**Directions for this task:**
From the data underneath, reproduce exactly the stretch that begins at the line with "Преносимата тонколона Sogo" and ends after the line with "Dispuestas frente al".

**Exercise input:**
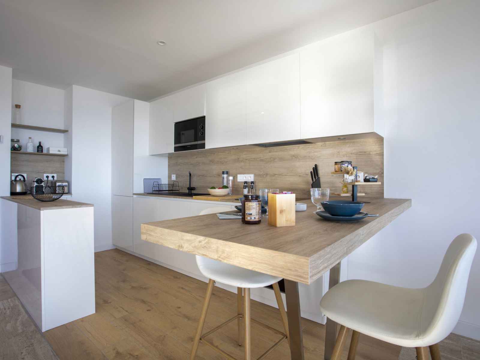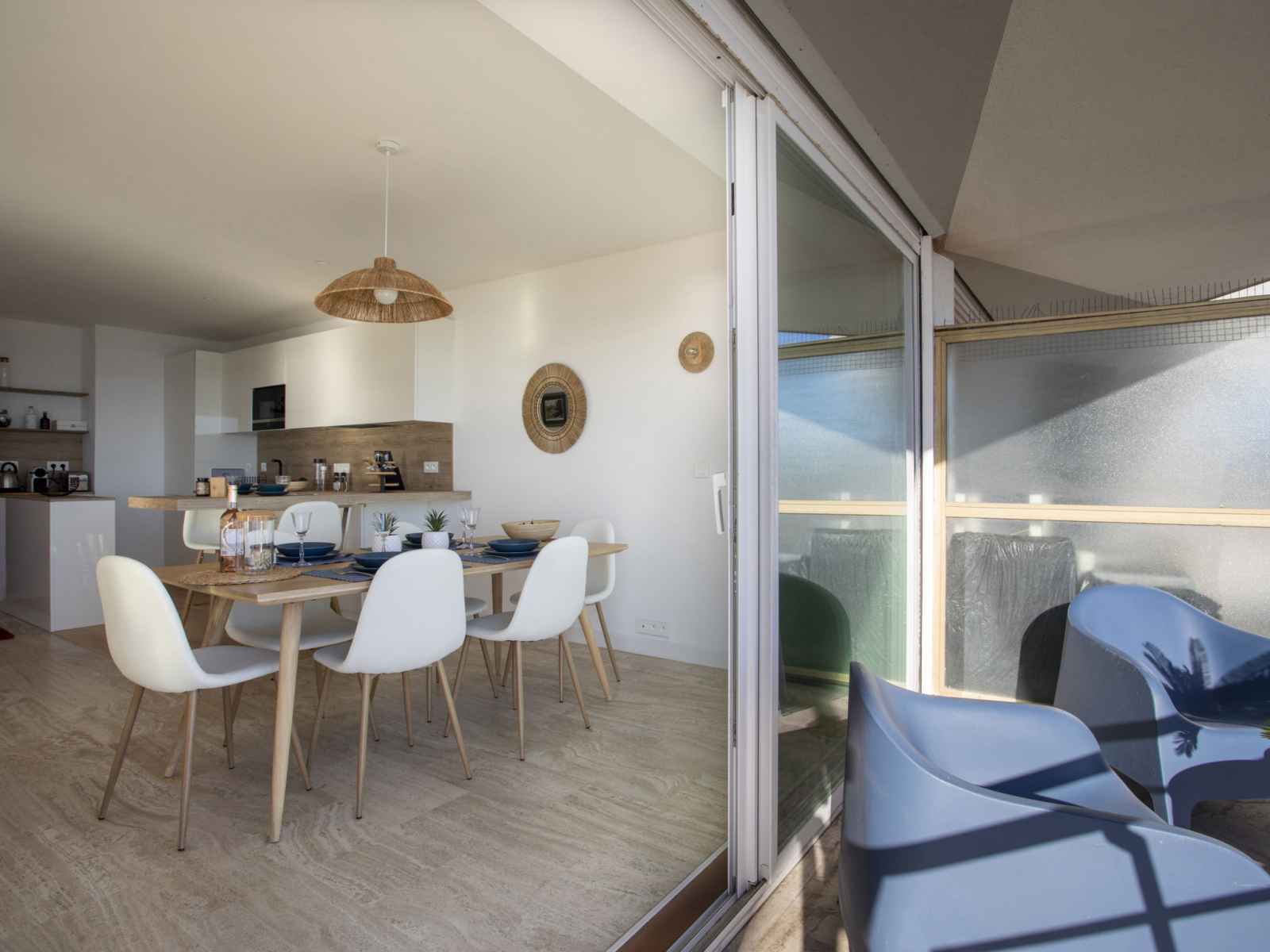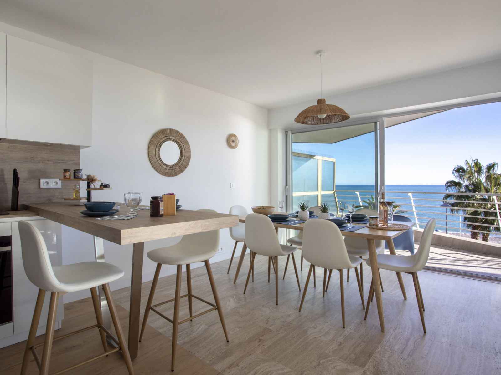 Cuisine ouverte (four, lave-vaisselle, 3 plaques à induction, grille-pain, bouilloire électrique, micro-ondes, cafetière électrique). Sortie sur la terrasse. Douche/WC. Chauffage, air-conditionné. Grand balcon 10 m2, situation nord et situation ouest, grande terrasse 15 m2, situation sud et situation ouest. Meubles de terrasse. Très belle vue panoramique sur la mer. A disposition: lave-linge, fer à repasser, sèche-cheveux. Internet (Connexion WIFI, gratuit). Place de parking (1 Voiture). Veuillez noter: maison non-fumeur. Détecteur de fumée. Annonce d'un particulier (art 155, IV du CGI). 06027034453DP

---

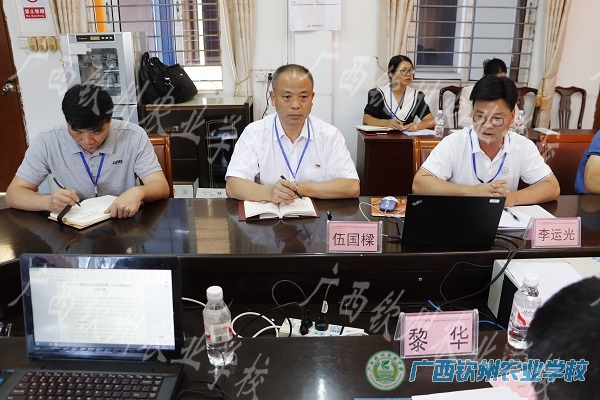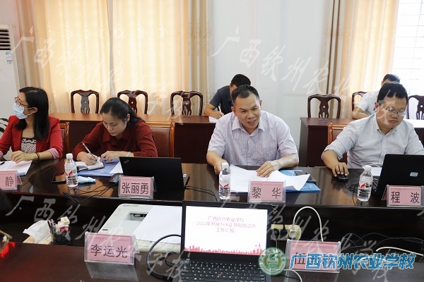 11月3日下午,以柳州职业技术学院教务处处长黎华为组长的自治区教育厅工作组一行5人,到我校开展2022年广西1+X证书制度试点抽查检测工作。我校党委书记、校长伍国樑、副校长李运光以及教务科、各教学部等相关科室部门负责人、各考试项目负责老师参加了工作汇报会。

==

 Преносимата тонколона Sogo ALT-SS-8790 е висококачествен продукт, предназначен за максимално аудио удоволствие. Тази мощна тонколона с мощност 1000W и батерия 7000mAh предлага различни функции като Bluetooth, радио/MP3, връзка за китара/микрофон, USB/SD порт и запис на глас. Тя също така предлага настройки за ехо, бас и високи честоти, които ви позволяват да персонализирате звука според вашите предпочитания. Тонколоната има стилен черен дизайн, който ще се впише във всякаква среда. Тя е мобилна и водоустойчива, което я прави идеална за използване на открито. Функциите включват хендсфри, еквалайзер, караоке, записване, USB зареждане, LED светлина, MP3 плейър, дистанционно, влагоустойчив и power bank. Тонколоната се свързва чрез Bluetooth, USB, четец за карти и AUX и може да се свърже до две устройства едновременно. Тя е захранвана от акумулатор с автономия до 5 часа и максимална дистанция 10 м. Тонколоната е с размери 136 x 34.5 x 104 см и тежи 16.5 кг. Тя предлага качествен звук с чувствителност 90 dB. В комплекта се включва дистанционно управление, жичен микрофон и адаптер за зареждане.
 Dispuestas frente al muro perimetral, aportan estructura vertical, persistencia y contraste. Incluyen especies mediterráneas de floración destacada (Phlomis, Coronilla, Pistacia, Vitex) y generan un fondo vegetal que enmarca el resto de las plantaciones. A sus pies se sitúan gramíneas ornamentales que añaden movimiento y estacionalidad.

**Written reply:**
 Преносимата тонколона Sogo ALT-SS-8790 е висококачествен продукт, предназначен за максимално аудио удоволствие. Тази мощна тонколона с мощност 1000W и батерия 7000mAh предлага различни функции като Bluetooth, радио/MP3, връзка за китара/микрофон, USB/SD порт и запис на глас. Тя също така предлага настройки за ехо, бас и високи честоти, които ви позволяват да персонализирате звука според вашите предпочитания. Тонколоната има стилен черен дизайн, който ще се впише във всякаква среда. Тя е мобилна и водоустойчива, което я прави идеална за използване на открито. Функциите включват хендсфри, еквалайзер, караоке, записване, USB зареждане, LED светлина, MP3 плейър, дистанционно, влагоустойчив и power bank. Тонколоната се свързва чрез Bluetooth, USB, четец за карти и AUX и може да се свърже до две устройства едновременно. Тя е захранвана от акумулатор с автономия до 5 часа и максимална дистанция 10 м. Тонколоната е с размери 136 x 34.5 x 104 см и тежи 16.5 кг. Тя предлага качествен звук с чувствителност 90 dB. В комплекта се включва дистанционно управление, жичен микрофон и адаптер за зареждане.
 Dispuestas frente al muro perimetral, aportan estructura vertical, persistencia y contraste. Incluyen especies mediterráneas de floración destacada (Phlomis, Coronilla, Pistacia, Vitex) y generan un fondo vegetal que enmarca el resto de las plantaciones. A sus pies se sitúan gramíneas ornamentales que añaden movimiento y estacionalidad.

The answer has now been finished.